:: Data to use
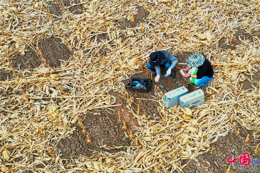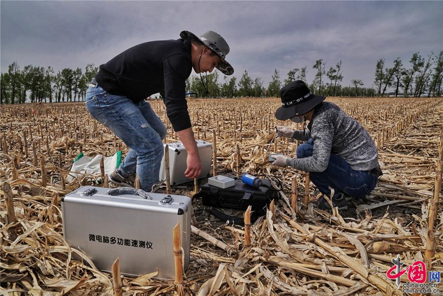 5月11日,探訪中國科學(xué)院“黑土糧倉”科技會(huì)戰(zhàn)“梨樹模式”示范區(qū)。圖為科研人員采集樣本和數(shù)據(jù)。中科院科技攝影聯(lián)盟供圖
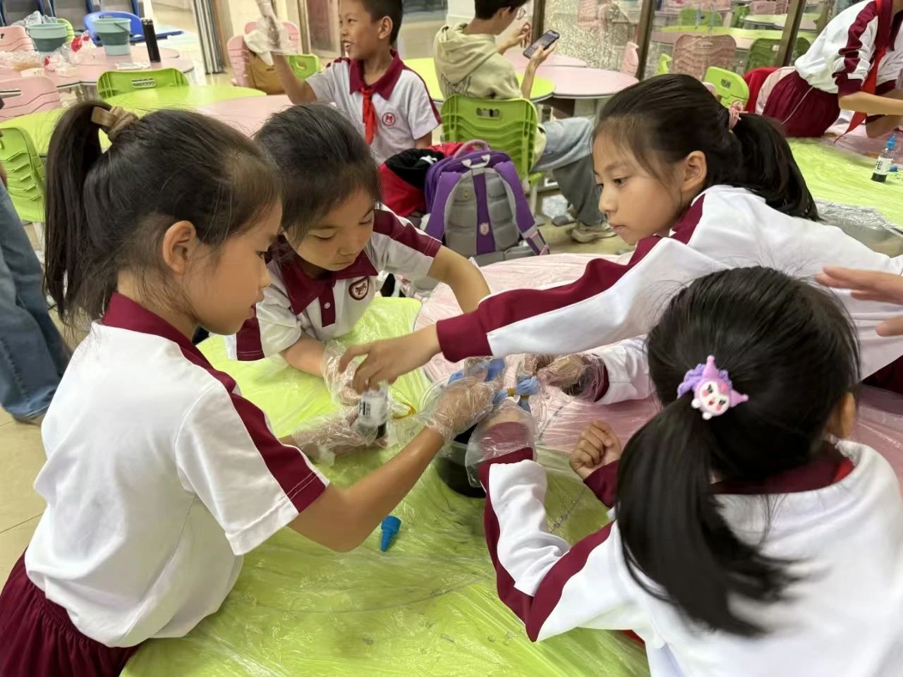 接着小杨老师便开始向同学们介绍起扎染的过程、扎结的技法以及注意要点并播放了制作扎染的视频。同学们都聚精会神地认真听讲着,为接下来的动手实践做好准备。与此同时,此次同行的小助手们帮忙向同学们分发已经浸湿完毕的白布、皮筋、染色剂和手套等等扎染所需的物品。
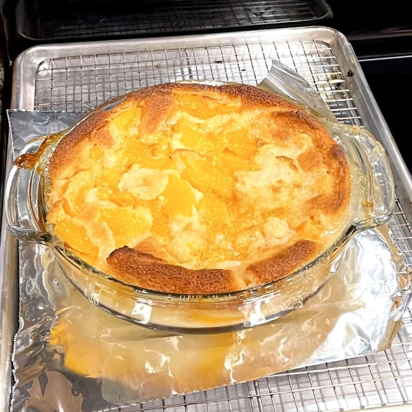 Carefully pour peaches and syrup into the skillet. Use a spatula to spread peaches evenly around the pan.
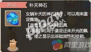 玩家通关魔王窟副本以后,会得到还没有开光的佩饰【“待鉴定”的挂件】,这些佩饰的属性、技能都需要鉴定才可以查看,否则无法使用,而补天神石就是鉴定佩饰需要的其中一个道具,鉴定佩饰需要盘古精铁、玉符和补天神石。
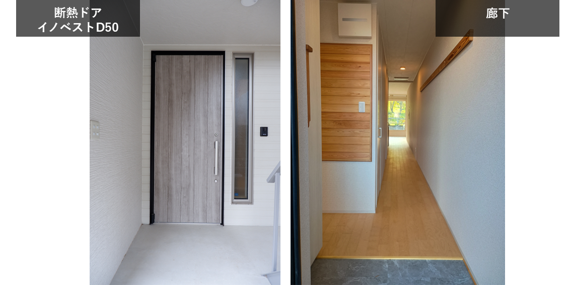 外壁や境界壁、床下などには防音性も考慮して断熱吸音ウールと遮音ボードを施工し、高断熱玄関ドア(イノベストD50)を採用しています。
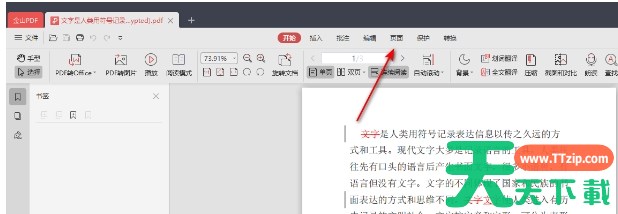 点击页面上方的【页面】选项卡,这是进行页面管理(如删除、插入、旋转等)的主要入口。
::::
What you will do: Line by line, reproduce the material above exactly, leaving each picture out.

Output of the task:
 5月11日,探訪中國科學(xué)院“黑土糧倉”科技會(huì)戰(zhàn)“梨樹模式”示范區(qū)。圖為科研人員采集樣本和數(shù)據(jù)。中科院科技攝影聯(lián)盟供圖
 接着小杨老师便开始向同学们介绍起扎染的过程、扎结的技法以及注意要点并播放了制作扎染的视频。同学们都聚精会神地认真听讲着,为接下来的动手实践做好准备。与此同时,此次同行的小助手们帮忙向同学们分发已经浸湿完毕的白布、皮筋、染色剂和手套等等扎染所需的物品。
 Carefully pour peaches and syrup into the skillet. Use a spatula to spread peaches evenly around the pan.
 玩家通关魔王窟副本以后,会得到还没有开光的佩饰【“待鉴定”的挂件】,这些佩饰的属性、技能都需要鉴定才可以查看,否则无法使用,而补天神石就是鉴定佩饰需要的其中一个道具,鉴定佩饰需要盘古精铁、玉符和补天神石。
 外壁や境界壁、床下などには防音性も考慮して断熱吸音ウールと遮音ボードを施工し、高断熱玄関ドア(イノベストD50)を採用しています。
 点击页面上方的【页面】选项卡,这是进行页面管理(如删除、插入、旋转等)的主要入口。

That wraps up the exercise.